In 1905 he returned to Lebanon and kept himself engaged in writing and pub­lishing. He met Gibran Kahlil Gibran (1883-1931) in 1910for the first time and they discussed and planned to have an op­era house in Beirut for the promotion of arts and reconciliation between Christian­ity and Islam. It was on Raihani’s advice that Gibran in New York in 1912 formed Rabita al-Arayitah (The Arabic Bond), a literary society for Arab emigrés. As a result of this advice, a group of young aspiring men of letters and persons con­stituted al-Rabita al-Qalamiyyah (The Pen Association).[8]
In 1913 Raihani and Najeeb Diab (1880-1936) represented the emigrant Lebanese at the first Arab Congress in Paris, the first of many such ambassadorial activi­ties undertaken by Raihani. Two years lat­er, returning again to New York in 1916 he married Bertha Case, an American art­ist who was part of the Matisse, Picasso, Cezanne, and Derain group.[9]
Although Raihani and his wife Bertha were eventually divorced, she visited Leb­anon in 1953 (thirteen years after Ameen’s death) and stayed in Freike with the family of Raihani’s brother, Albert. At the age of 91 Bertha passed away in New York on 29 July 1970. She had requested that her body be cremated and that her ashes be sent to Freike to be buried next to Raihani’s.[10]

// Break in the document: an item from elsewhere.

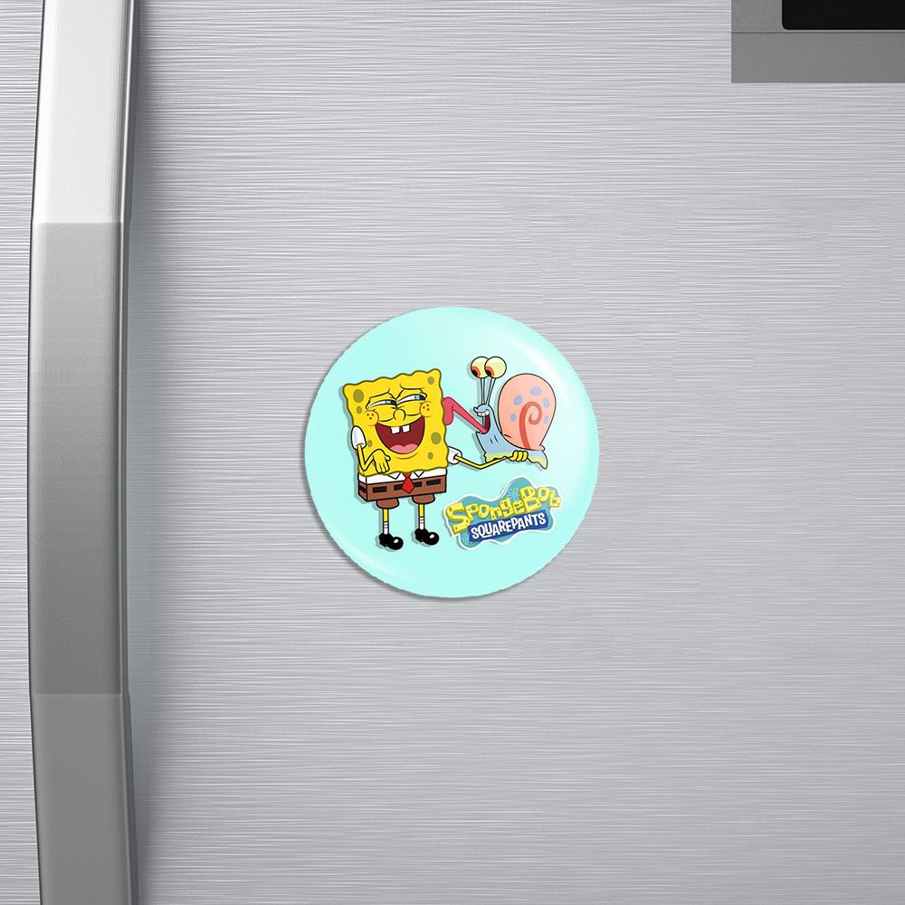 مگنت باب اسفنجی خندالو با روکش سلفون مات مخملی ضدخش و قطعه پشتی فلزی تولید شده است که آهنربای اتمی بکار برده شده در محصول، بصورت مخفی تعبیه شده ودیده نمی شود. ضمن اینکه گیرایی بسیار بالایی داشته و به هیچ عنوان از روی یخچال نمی افتد.

Raihani was acquainted and maintained contact with a number of writers, poets, scholars. He had also met and held talks with numerous political leaders, kings and heads of state, and won a wide variety of honors and decorations in recognition of his endeavors and achievements. In 1917 during World War I, he traveled to Europe as a correspondent of two maga­zines published by The New York Times. In the same year Ameen met Theodore Roosevelt (1858-1919), former President of the United States, and discussed the Palestinian issue. In this year Ameen and his wife Bertha visited Pope Benedict XV. The Pope was interested in ending World War-I and in establishing an equitable peace between the fighting armies.
A fervent opponent of the Ottoman regime, especially in the countries of the Near East, Raihani visited Mexico in 1917 to urge local Syrian and Lebanese expa­triates to support the cause of the Allies against that of the Axis powers, which in­cluded Ottoman Turkey (1299-1923).
In 1919 Raihani was asked to represent Arab interests at the Hague Peace Con­ference. In 1921 he served as the only near eastern member of the Reduction of Armaments Conference in Washington, D.C.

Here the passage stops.